Когда он поравнялся со мной и обернулся к свету фонаря, я невольно вскрикнул:
– Кельхблюм!..
Он остановился и подозрительно оглянулся кругом.
XXXIX
– Ты знаком разве здесь… с кем-нибудь из труппы?!
И в то же мгновение у меня явилось твердое убеждение, что К., у которого назначала свидание Сара, был именно он, Кельхблюм.
– Ты что же здесь делаешь? – тихо спросил он, смотря на меня подозрительно и не отвечая на мой вопрос.
– Да то же, вероятно, что и ты… Только ты раньше встал, а потому и капрал.
Он сильно покраснел и замигал глазами.
– Объяснись! – сказал он. – Я тебя не понимаю.
– Очень просто. Ведь ты ходишь сюда к Саре или ради Сары?
Он ничего не ответил и быстро двинулся по узенькому скрипучему тротуару.
– Послушай, – сказал я. – Объясни ты мне, пожалуйста, одно, кому назначалась эта записка?
И я вынул из портфельчика и развернул перед ним записку, но в руки ему ее не дал, а напротив, тотчас же, как он взглянул на нее, я снова быстро спрятал её в портфельчик.
– Так это ты был вчера в коридорчике и поднял записку?
Я молча кивнул головой.
Он вдруг совершенно неожиданно крепко схватил меня за руку и заговорил испуганно:
– Слушай! Ты молчи, молчи, пожалуйста, об этом… Сара молода… Сара глупа… Но ты, ты можешь подвергнуться серьезным неприятностям, страшным неприятностям.
И он робко оглянулся кругом и даже покосился на забор, как будто подозревал, что и там, за этим забором, были уши.
– Тут замешано одно лицо… одна особа… У… какая особа! – И он поднял обе руки кверху, затем наклонился ко мне к самому уху. – Может быть, ты узнаешь, кто это, и тогда поймешь, чем ты рискуешь, страшно рискуешь…
Я посмотрел на его растерянное, испуганное лицо, на его прыгавшие брови и растрепанные рыжеватые волосы, на его искривленный рот и на побледневший кончик носа и… невольно расхохотался.
XL
Все мои усилия узнать от него что-либо были напрасны. Я плюнул, обругал его и бросил.
Я опять провел бессонную ночь, а вечером отправился в балаган.
На представление снова явилась вся наша веселая компания, и кроме нее собралось множество офицеров (в П. стоял тогда л. – уланский полк). С самого уже начала спектакля я чувствовал, что без скандала не обойдется. Вся молодежь была, очевидно, в вызывающем настроении. Она распоряжалась в партере как у себя дома. Князь Б. поставил кресло спиной к сцене и, развалясь на нем, ораторствовал, острил, каламбурил, и все хохотали до упаду, нисколько не стесняясь купцами, чиновниками и даже помещиками, которые наполняли залу. Впрочем, молодежь из помещиков участвовала и в нашем кружке. В этом же кружке был и жандармский офицер П., который предусмотрительно и постоянно останавливал нас и урезонивал.
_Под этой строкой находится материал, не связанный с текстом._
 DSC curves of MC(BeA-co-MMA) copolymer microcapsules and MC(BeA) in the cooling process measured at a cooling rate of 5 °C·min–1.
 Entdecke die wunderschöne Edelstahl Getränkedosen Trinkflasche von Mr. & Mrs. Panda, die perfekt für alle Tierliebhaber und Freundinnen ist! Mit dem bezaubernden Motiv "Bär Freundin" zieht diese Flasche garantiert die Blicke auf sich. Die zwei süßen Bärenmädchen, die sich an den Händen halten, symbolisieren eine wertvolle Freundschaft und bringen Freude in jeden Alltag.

Что в особенности бросалось в глаза, но чего я тогда не замечал, это необыкновенное количество полиции в спектакле. У всех входов и выходов стояло по два жандарма. У главного подъезда или балкона стоял целый взвод.
Перед началом пантомимы я подошел к моему креслу и оглянулся назад. В 4-м ряду сидел мой двойник. Я иначе не могу назвать человека, который необыкновенно походил на меня, но, очевидно, был многим старше моих лет.
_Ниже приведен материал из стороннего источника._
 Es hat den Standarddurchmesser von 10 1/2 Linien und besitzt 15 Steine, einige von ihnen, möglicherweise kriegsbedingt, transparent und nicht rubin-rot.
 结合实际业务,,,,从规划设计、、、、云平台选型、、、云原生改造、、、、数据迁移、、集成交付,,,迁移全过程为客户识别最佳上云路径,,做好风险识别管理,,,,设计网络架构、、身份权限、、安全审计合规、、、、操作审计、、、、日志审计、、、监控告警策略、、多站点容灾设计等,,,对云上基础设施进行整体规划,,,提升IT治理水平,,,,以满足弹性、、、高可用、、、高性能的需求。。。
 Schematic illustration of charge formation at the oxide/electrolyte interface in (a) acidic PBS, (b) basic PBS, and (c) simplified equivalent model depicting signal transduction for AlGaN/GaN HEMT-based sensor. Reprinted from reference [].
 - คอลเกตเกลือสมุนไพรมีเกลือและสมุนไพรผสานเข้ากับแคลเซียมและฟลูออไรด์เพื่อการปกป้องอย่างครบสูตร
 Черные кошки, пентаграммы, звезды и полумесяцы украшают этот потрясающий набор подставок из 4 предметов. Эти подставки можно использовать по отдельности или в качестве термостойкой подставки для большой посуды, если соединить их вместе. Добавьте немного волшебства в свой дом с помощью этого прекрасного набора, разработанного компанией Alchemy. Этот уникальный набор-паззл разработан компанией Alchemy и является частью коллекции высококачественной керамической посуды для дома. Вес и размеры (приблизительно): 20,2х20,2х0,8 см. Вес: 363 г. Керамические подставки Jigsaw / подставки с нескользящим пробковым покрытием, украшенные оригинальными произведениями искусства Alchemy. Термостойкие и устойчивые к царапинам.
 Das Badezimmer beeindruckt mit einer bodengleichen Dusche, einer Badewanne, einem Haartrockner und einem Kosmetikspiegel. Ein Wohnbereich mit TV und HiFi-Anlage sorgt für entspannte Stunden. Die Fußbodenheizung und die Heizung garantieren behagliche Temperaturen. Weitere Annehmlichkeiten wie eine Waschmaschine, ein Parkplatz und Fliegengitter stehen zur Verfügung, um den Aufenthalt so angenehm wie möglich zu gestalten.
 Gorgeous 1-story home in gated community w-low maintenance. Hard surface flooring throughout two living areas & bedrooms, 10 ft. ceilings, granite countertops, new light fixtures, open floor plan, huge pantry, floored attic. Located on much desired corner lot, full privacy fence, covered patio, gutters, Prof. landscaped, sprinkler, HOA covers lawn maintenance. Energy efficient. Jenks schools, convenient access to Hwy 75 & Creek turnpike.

– Кто это? – спросил я моего соседа, Петю Д.
– Какой-то чужой, приезжий… А не правда ли, он удивительно похож на тебя?
Мой двойник почтительно разговаривал со своим соседом, высоким блондином с большими усами и баками. На обоих статское платье сидело как-то неуклюже, по-военному.
Вдруг он встал и пошел вон из залы. Я отправился вслед за ним и старался не потерять его из виду. Он вышел в сени и затем вдруг исчез сквозь маленькую дверь на балкон.
Я бросился за ним.
XLI
Дверца выходила на двор балагана, и мой двойник направлялся, как мне казалось, к той наружной галерейке, которая начиналась от кассы.
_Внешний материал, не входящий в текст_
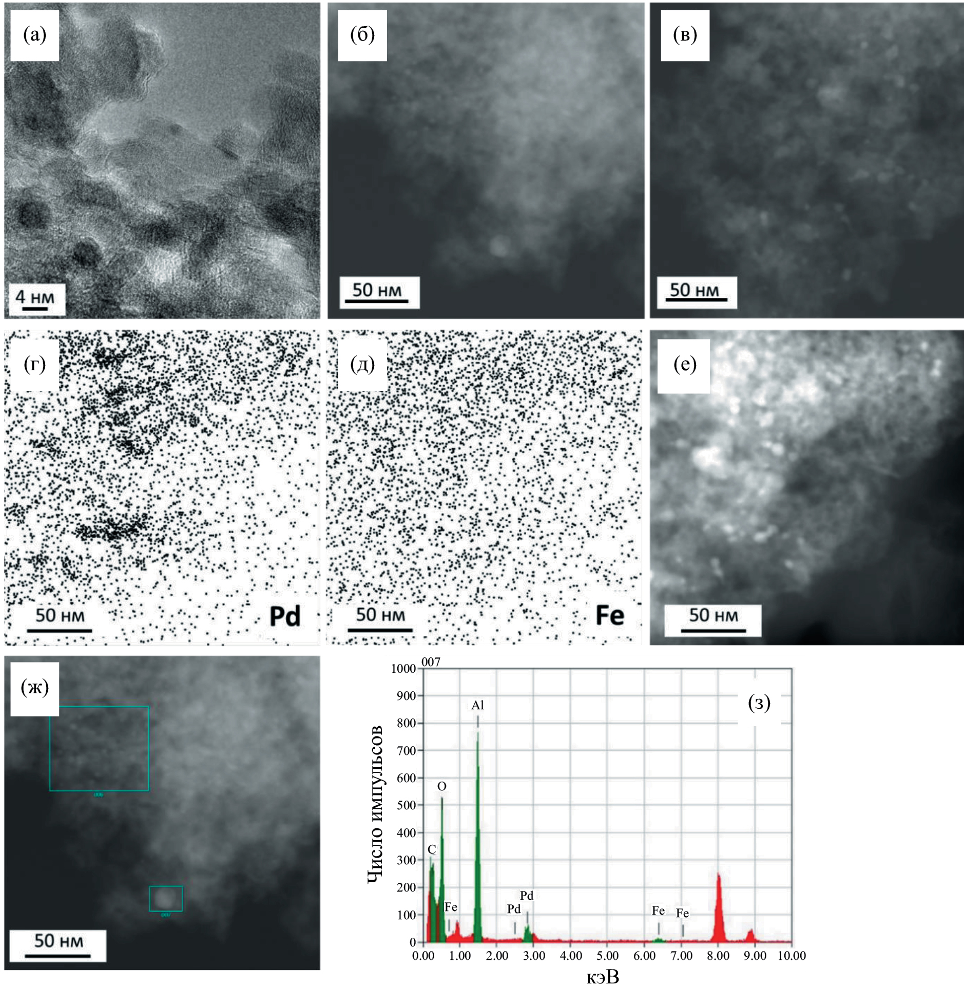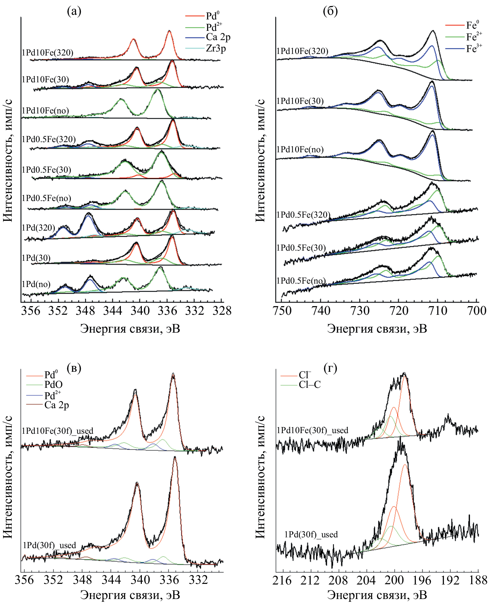 Рентгеновские фотоэлектронные спектры (РФЭС) регистрировали на спектрометре Axis Ultra DLD (“Kratos Analytical”, Великобритания), монохроматическое AlKα-излучение. Шкалу энергии спектрометра предварительно калибровали по энергиям связи линий Au4f7/2 (83.96 эВ), Ag3d5/2 (368.21 эВ) и Cu2p3/2 (932.62 эВ) чистых металлов. Спектры высокого разрешения регистрировали при энергии пропускания анализатора 40 эВ с применением нейтрализатора и калибровали по положению линии Al2p, принятому равным 74.6 эВ. Спектры Pd3d описывали с помощью синтетических компонент, соответствующих состояниям палладия Pd0 и Pd2+, а спектры Fe2p – с помощью компонент, соответствующих состояниям железа Fe0, Fe2+ и Fe3+, как это указано в работе [9]. Для описания спектров Pd3d образцов после каталитических испытаний использовали три дублета, соответствующих Pd0, PdO и PdCl2.

Он прошел не более десяти шагов и остановился.
Я поравнялся с ним.
– Ж. Г.! – спросил он меня резко. – Куда вы идете?
– Куда мне нужно… – ответил я ему довольно грубо и продолжал свою дорогу.
– Жандарм! – закричал мой двойник.
И вдруг, словно из-под земли, явилось не только двое жандармов, но с ними еще двое казаков.